Peter Cramer (24 August 1726 in Copenhagen – 17 July 1782 in Copenhagen) was a Danish painter who specialized in theatrical scenery, decorative work and portraiture.

==Biography==
Cramer was born in Copenhagen on 24 August 1726, the son of gardener Peter Cramer (c. 1688–1756) and Anne Dorothea (ca. 1697–1777). He was apparently self-taught. In the 1740s, he did some drawings for early versions of the Voyage d'Egypte et de Nubie by Frederic Louis Norden on behalf of the Royal Danish Academy of Sciences and Letters. On that basis, in 1754, he was recommended to the Royal Danish Academy of Fine Arts for a travel scholarship that would enable him to become "an accomplished history painter". The academy insisted on following procedure, however, and he was required to compete for a gold medal in 1756. He failed to come in first and his travel plans were not realized.
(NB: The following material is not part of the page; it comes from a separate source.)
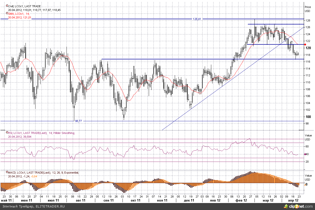 На этой неделе поступательное снижение котировок продолжилось, котировки фактически опустились к ранее озвученному диапазону поддержки на 115,5-116,5 долл. Именно эта зона выступает областью торможения, пройти ниже в ближайшей перспективе скорее всего не удастся.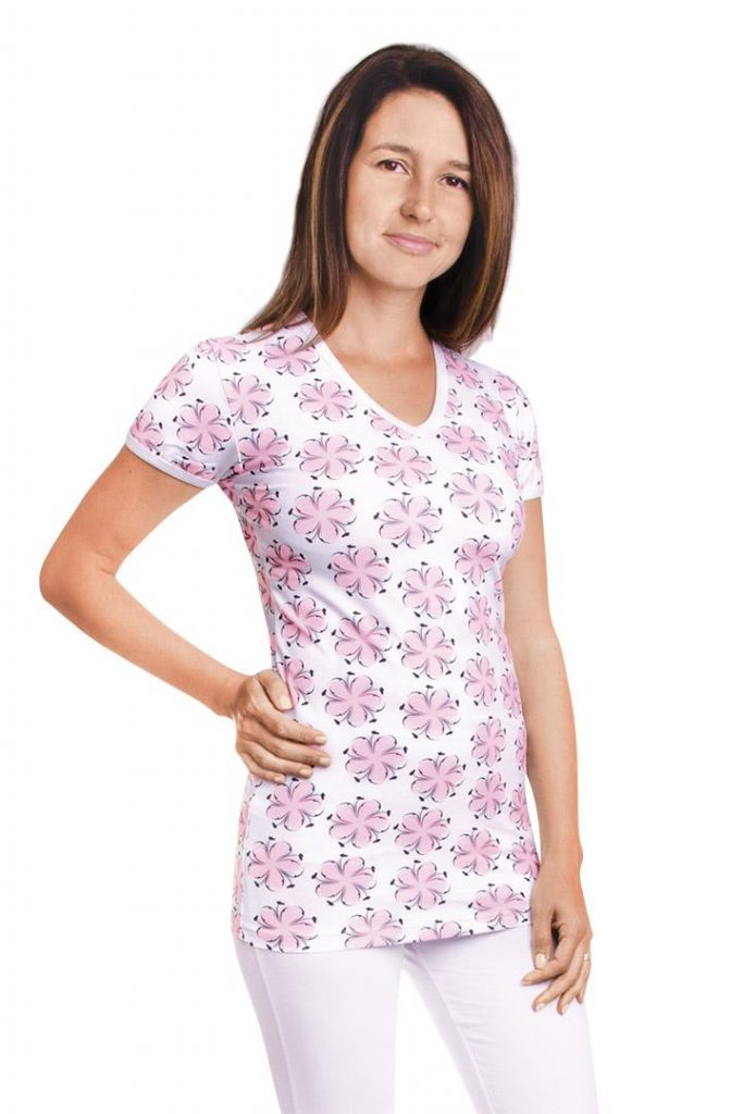 Dámské triko Vito Flora se světle růžovým potiskem, výstřihem do V a krátkými rukávy, má lehce projmutý střih, dík kterému je nošení velmi pohodlné a bude vás bavit. Materiál: 92% bavlna 8% elastan, 210g/m2. Praní: na 30°C.

He began doing set decorations in the mid-1750s, when he created scenes for a friend, Niels Krog Bredal, a composer who had recently written two operas. They had become acquainted because Cramer had a good singing voice and sometimes performed at parties. By 1762, he was established as a scene painter, a profession he would practice until his death. After 1773, he was making 500 rigsdalers annually, mostly due to support he received from the academy against the foreign painter, Carlo Galli da Bibiena, a member of the Galli da Bibiena family of artists.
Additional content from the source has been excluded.